Brock's enmity with Struan precedes the events of the book. Brock, being older than Struan, was the 3rd mate on ship The Vagrant Star, on which Struan was a deckhand.  Brock takes an instant dislike to Struan and has him whipped for every possible infraction, making Struan's life  on the ship hellish.  This ended one night when their ship hit a reef and sank. Brock and Struan survived, and each began to build their respective companies.

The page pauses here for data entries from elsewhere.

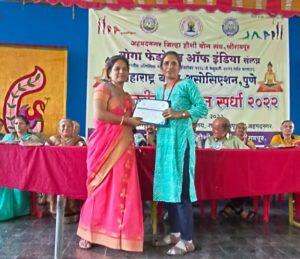महाराष्ट्र योगा असोसिएशन आयोजित राज्यस्तरीय योगासन स्पर्धा – 2022 ही श्रीरामपूर (जि. नगर) येथे झाली. यात विद्यार्थी विष्णू रामेश्वर ठाकरे याने 21 ते 25 वयोगटात रौप्य पदक प्राप्त केले. त्याने पूर्ण धनुरासन, दंडयमन जानूशिर्षासन, नटराज, कौण्डीयान, सेतूबंध चक्रासन, हनुमान, उठ्ठीत पश्चिमोत्तानासन, कुर्मासन ही आसने केली. 35 ते 45 या वयोगटात कांचन उफाडे यांनी कास्य पदक प्राप्त केले.
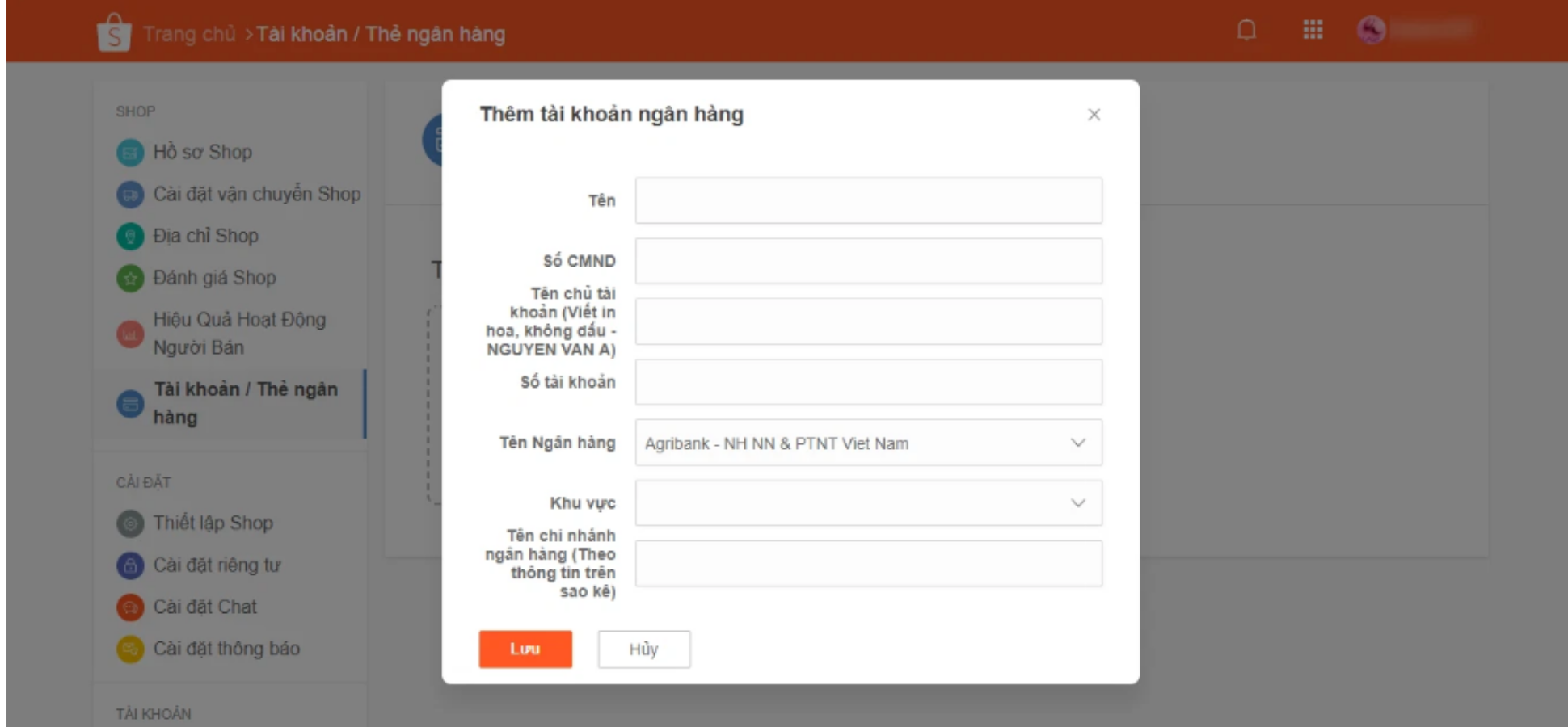 Để nhận tiền bán hàng trên Shopee, bạn cần Thiết lập thanh toán bằng cách nhấn chọn Tài khoản/Thẻ ngân hàng. Sau đó, ấn vào Thêm tài khoản ngân hàng trên Shopee. Khi đó, Popup hiện ra như hình bên dưới. Tới đây, bạn điền đầy đủ thông tin được yêu cầu và nhấn nút Lưu là xong.
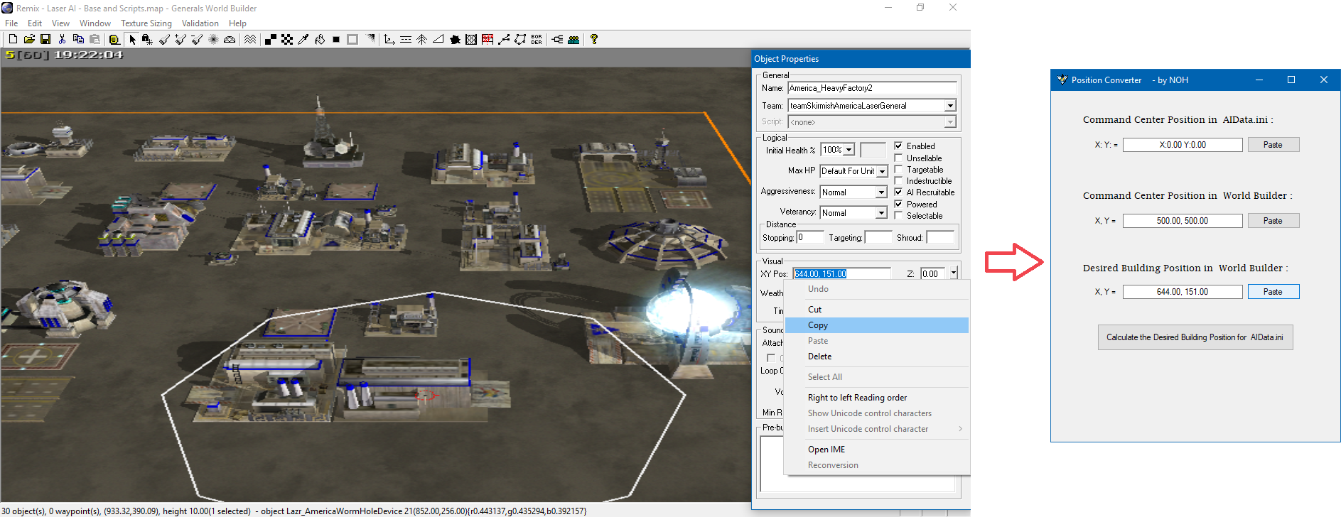 Очень полезный инструмент для моддеров C&C: Generals (CCG) и Zero Hour (ZH), а особенно для тех, кто занимается созданием ИИ. Теперь вы можете полностью спроектировать базу ИИ в World Builder (WB) и получить точные эквивалентные координаты позиций из WB, которые нужно использовать внутри файла AIData.ini (Data\INI\Default).
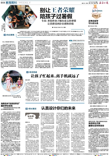 近一段时间以来,一款名叫“王者荣耀”的手机游戏,引发了舆论的广泛热议和激烈争论。按照官方提供的数据,这款游戏的注册用户已超过2亿,其中,有3600万中小学生在玩,被称作“国民游戏”。目前,海南绝大多数学校已经放假,怎样让孩子过好暑假不再沉溺于游戏中,也成为了摆在家长们面前的难题。
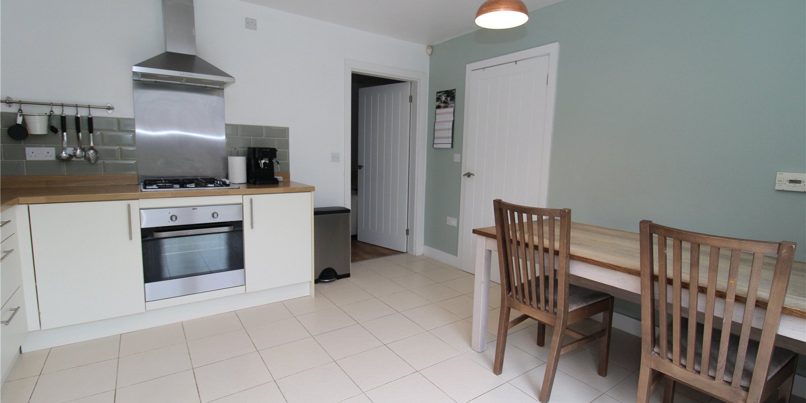 Inside, the accommodation is thoughtfully laid out. The ground floor comprises a welcoming entrance hallway leading into a generous living room, perfect for everyday comfort. To the rear, a contemporary dining kitchen provides a fantastic social space, complete with patio doors that open directly onto the garden, allowing plenty of natural light to flood in. A separate utility room and convenient downstairs WC complete the ground floor.

Brock lost an eye sometime prior to the book, when his vessel was hit by wind. He was pinned under a broken mastbeam and thrashed about the face by a loose halyard, whose metal-capped end gouged out his eye. Despite his overwhelming hatred for Dirk Struan he passes up outside assistance in bringing down the Noble House, preferring to do it himself.
  
Tyler Brock almost succeeds in destroying the Noble House by causing a run on the bank where Struan and his brother, Robb, have concentrated their company's financial reserves but Struan is saved by his Chinese business partners through the "four coin halves" loan, and Struan dies in a typhoon before the battle to the death that both men have anticipated. In classic Shakespearean fashion Tyler's daughter Tess and Dirk's son Culum fall in love, getting married and condemning their fathers' hatred. Tyler Brock expects to absorb the Noble House after Dirk Struan's death but Culum is inspired to respond by sending Brock some coins with the message to "buy yourself a coffin."

The novel leaves us at that, but future books in James Clavell's saga reveal the end of Tyler Brock.

When Culum dies, Tess takes over as Tai-Pan and orchestrates the fall of her father in 1863.  A penniless Tyler Brock is seen pirating a Chinese junk and sailing north, screaming promises to rebuild his fortune and come back for the coveted title of "Noble House."

He is never seen or heard from again.

John Stanton played Brock in the 1986 film Tai Pan. George MacDonald Fraser, who wrote an unused script adaptation of Tai Pan in the late 1970s, thought Oliver Reed would have been ideal casting for the role of Brock.